Keras is a profound and easy to use library for Deep Learning Applications. Image Classification is a task that has popularity and a scope in the well known “data science universe”.
All the given models are available with pre-trained weights with ImageNet image database (www.image-net.org). For solving image classification problems, the following models can be chosen and implemented as suited by the image dataset. Note that all the listed models are compatible with backend frameworks like Theano, Tensorflow, CNTK etc.
It translates to “Extreme Inception”. Proposed by the creator of Keras, this is an extension of the inception model and like MobileNet it has replaced the normal modules with depth wise separable convolution modules. But the catch here is that the convolutions are at the extreme end of the spectrum. With a size of 91MB, it is one of the smallest weighted models in the list. It works with Tensorflow framework only. By many experimental studies, it was shown that Xception showed optimally better results when compared to InceptionV3.
2 VGG16 and VGG19:
This is a keras model with 16 and 19 layer network that has an input size of 224X224. It was introduced by Visual Geometry Group of the University of Oxford. This model emerged as a result of the win for the ‘VGG team’ at a competition. It was further improvised and we got in the best-performing Image Classification results: the 16 layers and the 19 layer models namely VGG16 and VGG19. The two models are compatible with Keras and Caffe toolbox and are readily available repositories available for reference. The combined product of VGG16 and VGG19 is referred to as VGGNet. The famous publication “K. Simonyan, A. Zisserman Very Deep Convolutional Networks for Large-Scale Image Recognition arXiv technical report, 2014” depicts the aims and objectives of this project.
The ResNet architecture is another pre-trained model highly useful in Residual Neural Networks. ResNet50 is the variant with 50 layers. In residual learning, the network learns the residuals of the input layer. It has shown that training residual networks are much easier than trying a Convoluted Neural Network (CNN). It is a result of the Microsoft team that won the ILSRVC competition in 2015. It has allowed the Deep Learning Scientists to create deeper layers and reducing vanishing gradients. For more understanding refer to the research paper: “Deep Residual Learning for Image Recognition Kaiming He Xiangyu Zhang Shaoqing Ren Jian Sun Microsoft Research” .

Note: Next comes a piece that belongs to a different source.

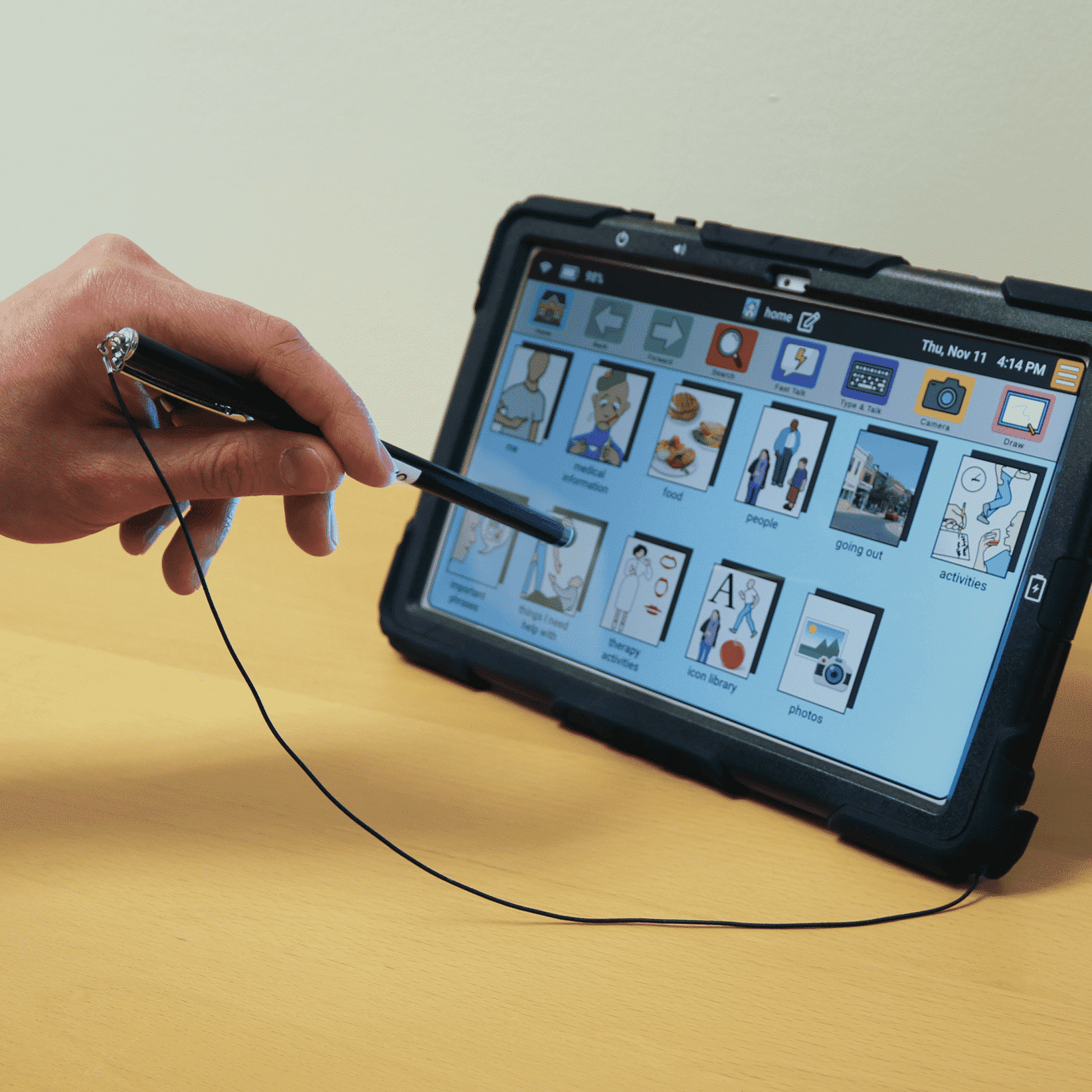 Our partner, Rehadapt, offers several AAC device mounting options addressing a variety of needs. Speak with your Lingraphica Clinician to learn more about ordering a mount for your device.
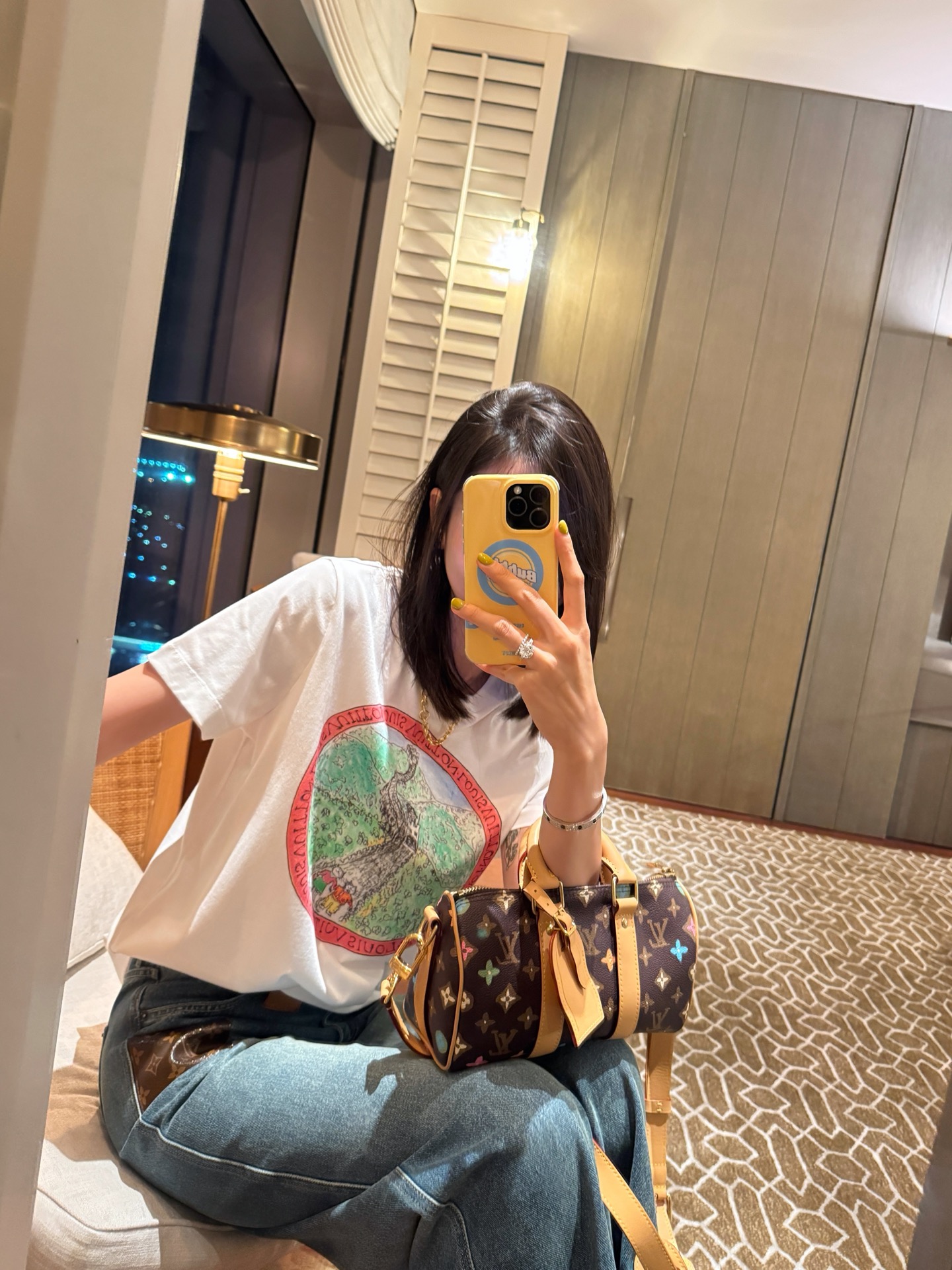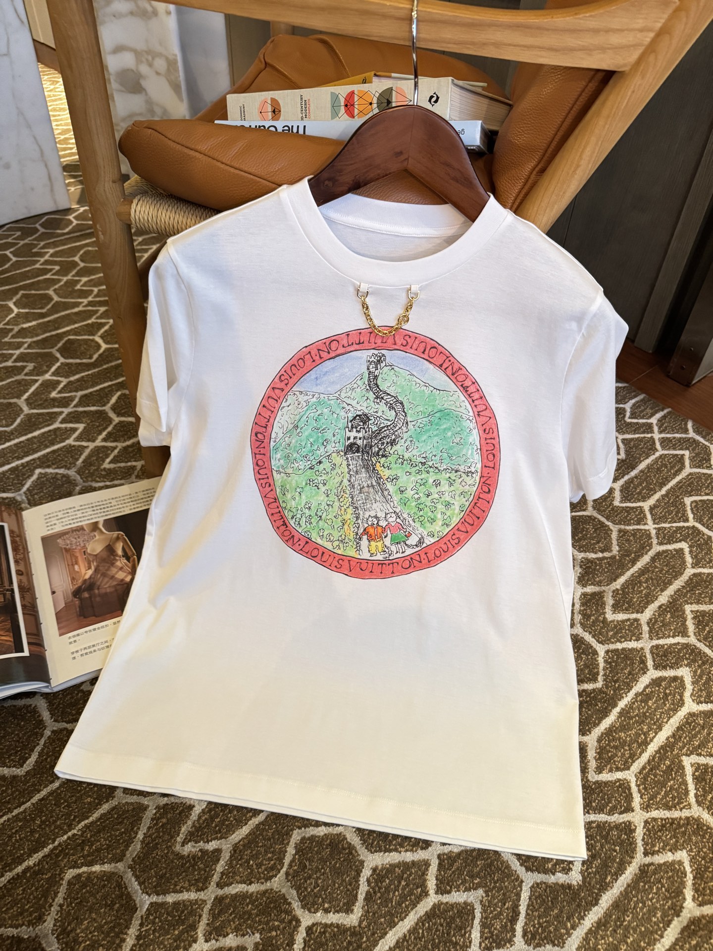 2025秋冬新品 Louis Vuitton 聯名GC貓咪系列白色印花短袖 精品 高仿

It can be easily implemented using Tensorflow and Keras. It is a huge scale image recognition system and can be used in transfer learning problems. With its rich feature representations, it is able to classify images into nearly 1000 object based categories. It is a 48 layer network with an input size of 299×299. It has been improved from the InceptionV2 and has installed upgrades like the new Label Smoothing, Factorized 7×7 convolutions etc.

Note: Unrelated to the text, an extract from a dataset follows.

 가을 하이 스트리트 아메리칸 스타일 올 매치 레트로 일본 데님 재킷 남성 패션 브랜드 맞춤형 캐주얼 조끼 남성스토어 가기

DenseNet is relatively new and is considered to be the chronological extension of ResNet. It also introduces the Densely Connected Neural Networks that helps us to get deeper insights, efficient and accurate trainings and outputs. Like others, it also reduces the number of parameters and enables us to reuse the already initialized features. DenseNet is a simpler and effective model especially for feature concatenation when compared to other architectures.

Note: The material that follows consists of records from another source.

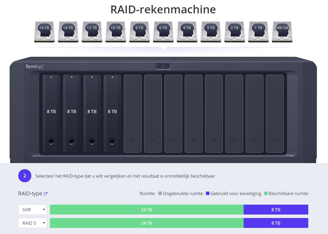 Omdat de bescherming die raid toevoegt een deel van de opslagcapaciteit gebruikt, is het belangrijk de optimale configuratie te kiezen. Met een online nas-calculator zie je al snel hoeveel opslagcapaciteit je kwijtraakt aan de bescherming van de gegevens.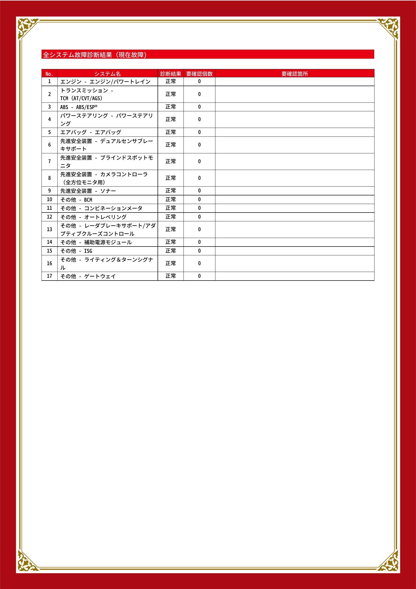 | 保証項目 | 納車後1ヶ月・1000km以内は36機構・343項目を保証いたします。詳しくは販売店までお問い合わせ下さい。 |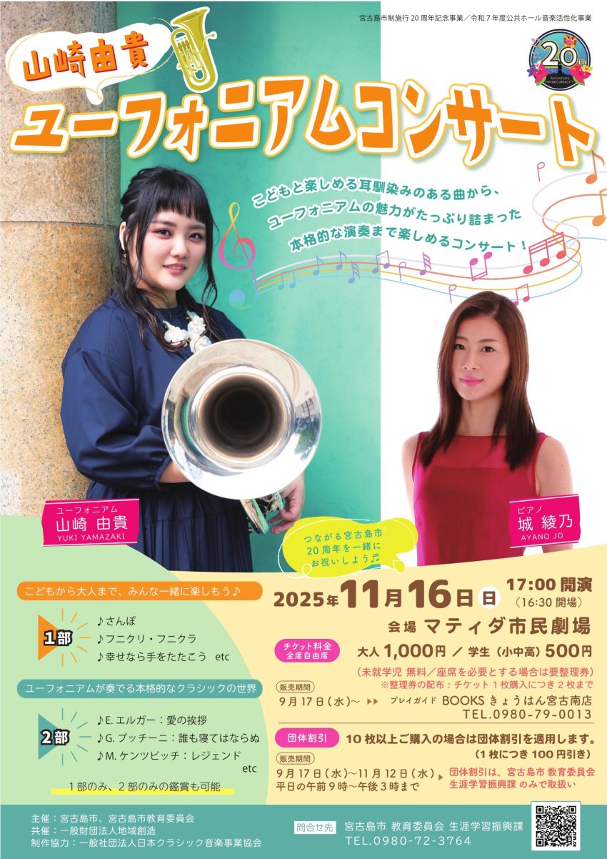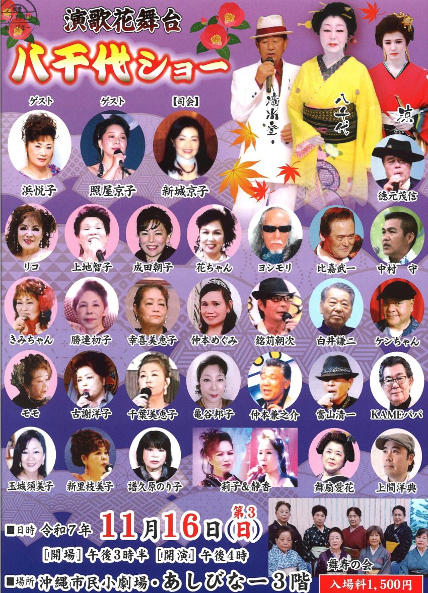 ★宮園ゆうこ コンサート・開場:15時/開演:15時30分・出演=宮園ゆう子(ビクターエンタテイメント)、半田浩二(テイチクレコード)、ゲスト:浜悦子・木村悟、会主・一条玉峰、砂川順子、蓮、金城美智子、田口純、KAMEパパ、岸本蓉子、我如古ゆう、万政夫、山ちゃん、仲地重和、創作舞踊彩女乃会、会主・不二乃彩女、銘苅美幸&下條千夏、一華、会主宗山流 江、会主上道、ちあき&武男・司会 成田なり子・会場=アイム・ユニバースてだこホール・大ホール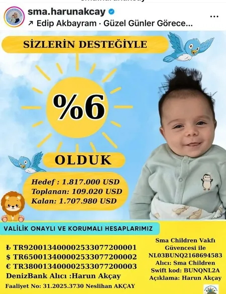 Hataylı Neslihan-Mustafa Akçay çiftinin dünyaya gelen ikinci çocukları Harun'un topuk kanından alınan örnekte SMA Tip -1 hastası olduğu tespit edildi. Aile Harun'un tedavisi için gerekli olan paranın toplanması için Valilik onaylı kampanya başlattı. Anne Neslihan Akçay (33), "Oğlumun yaşamasını istiyorum. Tedavi olması için maddi gücümüz yeterli değil. Kampanyaya herkesin desteğini bekliyoruz. Harun'umun gülüşü yarım kalmasın" dedi.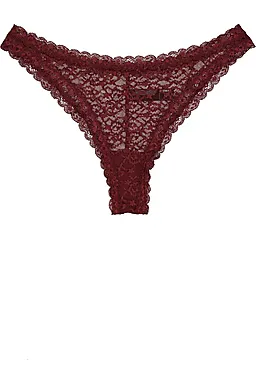 Deze set van twee damesstrings bestaat uit de kleuren lichtroze en donkerrood. De stof bestaat uit kant met een bloemmotief en is licht doorschijnend. De afwerking met elastisch kant zorgt ervoor dat de strings prettig aansluiten op je huid, zodat ze comfortabel zitten onder je kleding. Dankzij de samenstelling met polyamide en elastaan zijn ze soepel en rekbaar.

Proposed by Google, this model is only compatible with the Tensorflow framework. It is most suitable for mobile based and embedded applications. It uses depth wise separable convolutions. Its major advantage is that it reduces the number of parameters in the neural network. Now the new MobileNetV2 wrapper is also available in the keras.applications package. It also improves the performance of mobile models and can handle multiple tasks at the same time. It is the smallest model with 16MB of size.
Neural Architecture Search Network Model comes with 2 input sized models that are NASNetMobile with size 331X331 and NASNetLarge with 224X224. Based on Reinforcement Learning algorithms NASNet is capable of producing small-scale networks. With high accuracy based on the previous observations for the NASNetLarge model, it is definitely a state of the art model for image classification. It is most suitable for CNN based projects and also for the ones working with the Tensorflow environment. Also, refer the research paper for further details” Learning Transferable Architectures for Scalable Image Recognition“.
The above-mentioned models are the most used and effective means of classifying your images dataset for its applications in deep learning. These models not only help improve the efficiency and accuracy of our results but also provides us with easier ways to carry out image classification in our Deep Learning projects.